Однажды, когда развивающаяся мужская грубость, в не поспевающим за ней в развитии мужском мозге, достигла своего апогея, учительница географии Тамара Константиновна, попросила его сходить к умывальнику и намочить тряпку, чтоб протереть от мела учебную доску. Он, в ответ, огрызнулся – «Может вам ещё до острова Чунга-Чанга за неграми сплавать?». Это была одна из тех фраз, которая изначально кажется уж очень остроумной, но стоит лишь её произнести, как тут же, во взаимодействии с воздухом, ушами и остальным окружающим миром, она становится глупой и нелепой. Слово не воробей, а предложение тем более, так что, в этот же день, незадачливого юмориста окрестили Чижиком, в честь того небольшого катерка, которого вынесло штормом к участку суши окруженному водой и населённому маленькими предками нашего великого поэта, попугаем, жирафом и дельфинами.
Как говорится – что прилипло, то и ножом не отскребёшь. Так и ходили двое по школьным коридорам, всё реже слыша свои исконные, данные родителями при рождении, имена.
Октябрь.
На улице погода из серии «ни то, ни сё», птицы мигрировали туда, куда положено, людские лица, чтоб не выделяться из этой серой тоски, единодушно натянули хмурые мины, а новый (и на этот раз последний) учебный год, уже перетёк из послелетнего энтузиазма, в осеннюю рутину.
Всё как положено.
Ни больше, ни меньше.
Девятнадцатого числа, Ваня с Серёжей сознательно не явились в школу, был повод – день рождение последнего. По некоторым семейным причинам, в первый класс он попал с восьми лет, поэтому сейчас, почти на год опережал своих одноклассников и готовился встречать своё совершеннолетие.
По идее, этот день ещё означал, что его скоро должны «попросить» из детского дома и произвести процедуру физического воздействия голеностопа на мягкие ткани задней и латеральных поверхностей таза, позволяющей намного быстрее, без разгона и колебаний, вступить во взрослую жизнь. Но, в итоге, было решено – «Пусть доучится, хороший же парень»
Если тебе исполняется восемнадцать, то, как не крути, радоваться и праздновать необходимо всем и повсеместно.
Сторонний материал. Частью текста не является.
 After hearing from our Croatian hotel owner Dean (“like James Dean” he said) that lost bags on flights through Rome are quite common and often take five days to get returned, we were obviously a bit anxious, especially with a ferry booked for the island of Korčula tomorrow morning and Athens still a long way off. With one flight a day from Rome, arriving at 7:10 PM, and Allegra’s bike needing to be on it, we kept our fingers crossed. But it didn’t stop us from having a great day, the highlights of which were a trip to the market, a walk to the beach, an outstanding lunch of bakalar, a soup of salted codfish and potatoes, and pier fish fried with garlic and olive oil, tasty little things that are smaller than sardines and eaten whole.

Это после преодоления рубежа в «Двадцать пять», очередной день рождения становится – «Ну ещё один год, ну и хрен бы с ним». А сейчас, пока одряхляющая бытовуха взрослости ещё не пустила гнилые ростки в подростковых мозгах, друзья твёрдо решили всё сделать так, как полагается – нажраться в хламинушку.
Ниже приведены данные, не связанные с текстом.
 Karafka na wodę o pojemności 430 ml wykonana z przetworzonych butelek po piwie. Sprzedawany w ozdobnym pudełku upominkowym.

Гуру Падмасамбхва, учитель тибетского буддизма, писал (естественно «Водка» не в современном значении этого термина, полученном в СССР лишь с принятием ГОСТа от тысяча девятьсот тридцать шестого года, а настой из трав, кореньев или ягод на крепком алкоголе): «Водка имеет девять составляющих, но, среди них есть одно – мёд злой пчелы, из-за которого человек не может отказаться от принятия водки. Но остальные восемь компонентов водки ужасающи. Итак, в состав водки входят:
1) Яд из мозга свирепого белого льва
2) Пена из пасти разъярённого слона
3) Яд из жала ядовитой змеи
4) Мёд злой пчелы
5) Слюна из пасти бешеной собаки
6) Яд из костного мозга девяти демонических плясунов
7) Зрачок глаза волка
8) Мясо трупа
9) Утробная кровь женщины-ракшаса»
Граф Толстой и Чижик, впитавшие атеизм всеми советскими порами не менее советских тел, к христианству то относились, как к «опиуму для народа», не говоря уже о каком-то там индийском учителе буддийской тантры восьмого века.
Да к тому же, о существовании всех этих многочисленных «нерусей», мешающих, своими нравоучениями, жить – и знать то не обязательно.
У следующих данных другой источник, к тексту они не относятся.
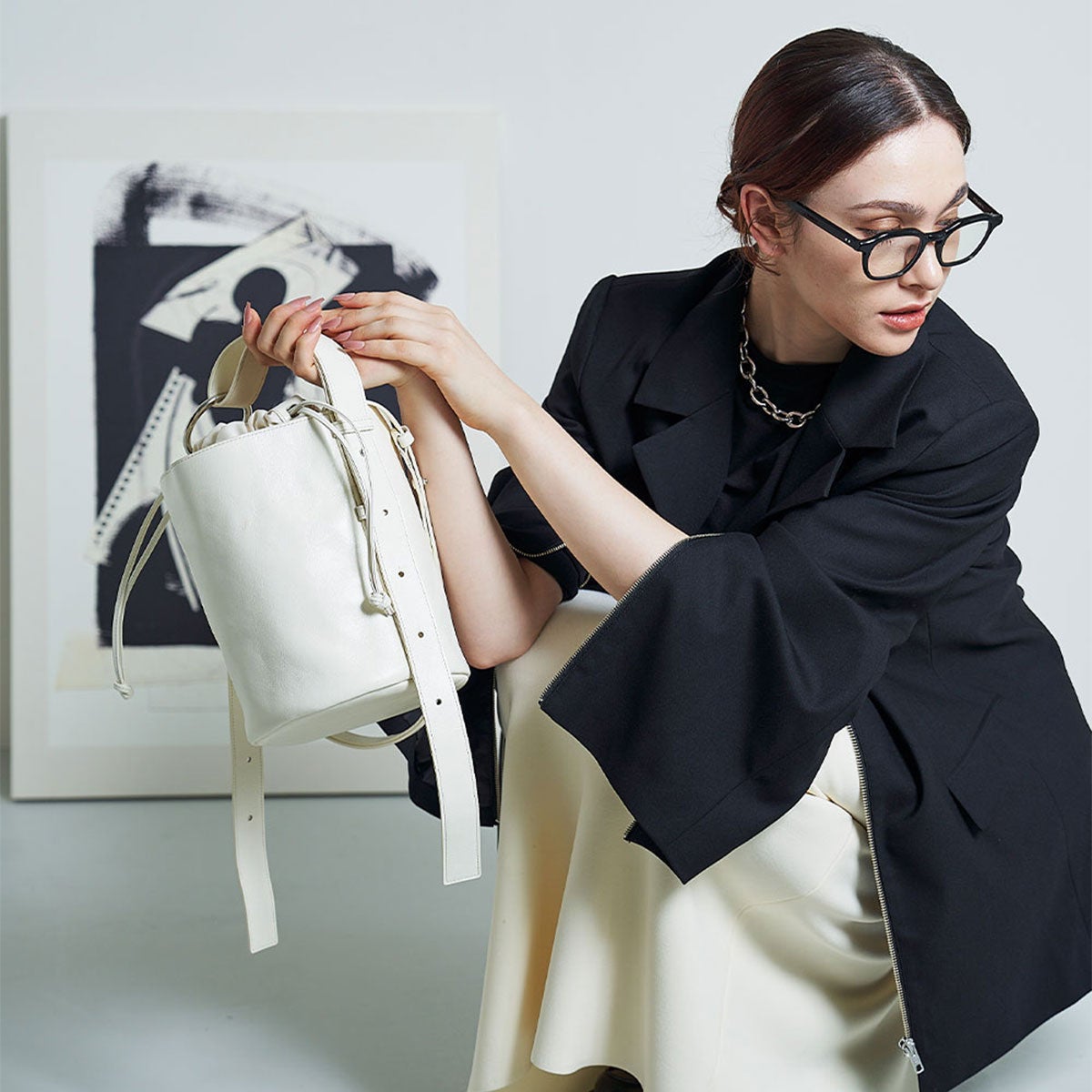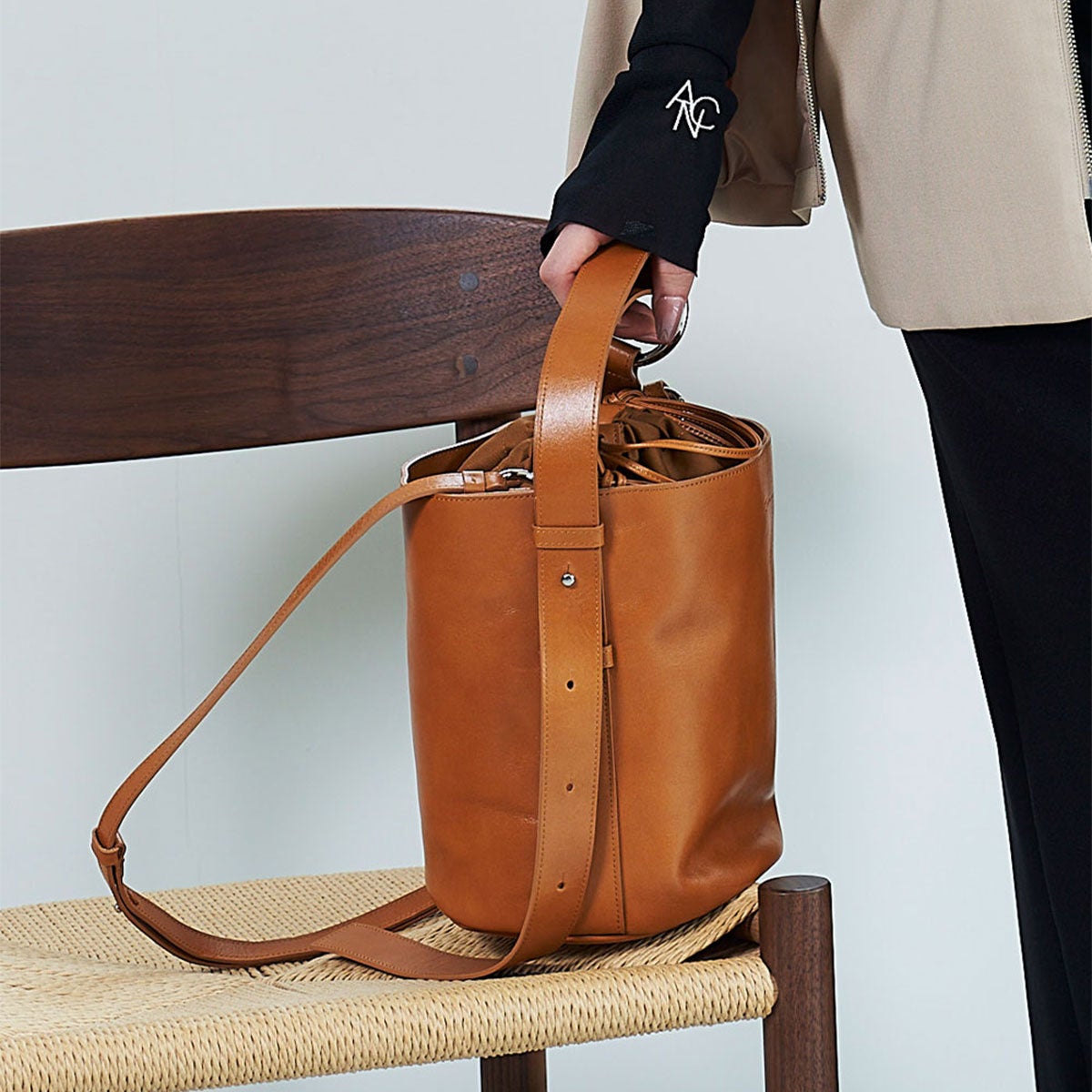 女性に特化した人気のバケツバッグ。hirokoが長年にわたり最も好む「円」をフューチャーし、どんな洋服にも合うとともに長く使い続けられる逸品に仕上げました。持ち手を短くすればトレンド感、ショルダーにすれば快適性アップ。ベルトの穴の数にもこだわりました。ふたの部分に巾着を採用することで中身を見られたくない場合は絞る、そうじゃない時は折り込んで使えます。角のある素材は一切使っていないので穏やかな雰囲気を纏ったバッグです。

Так что Серёжа с Ваней благополучно выполнили поставленную себе задачу и сейчас, расположившись у памятника матросам – потёмкинцам, допивали вторую бутылку травяной настойки, купленной у лучшего друга всех местных алкашей – бабки Томы, торговавшей неподалёку, из-под полы, своими «лекарственными средствами».
Стоп.
Вот мы и пришли к тому, с чего начали.
Семнадцатого февраля, тысяча девятьсот шестого года, после разгрома восстания в Севастополе, начался суд над матросами броненосца «Князь Потёмкин-Таврический». Итог – двадцатидвухлетний Александр Заулошнов, двадцативосьмилетний Фёдор Луцаев и двадцатитрехлетний Тихон Мартьянов приговорены к смертной казни через повешенье. Но, на основании указа от двадцать первого октября тысяча девятьсот пятого года, о смягчении наказаний за политические преступления, совершенные до издания манифеста семнадцатого октября тысяча девятьсот пятого года, казнь заменили пятнадцатилетней каторгой.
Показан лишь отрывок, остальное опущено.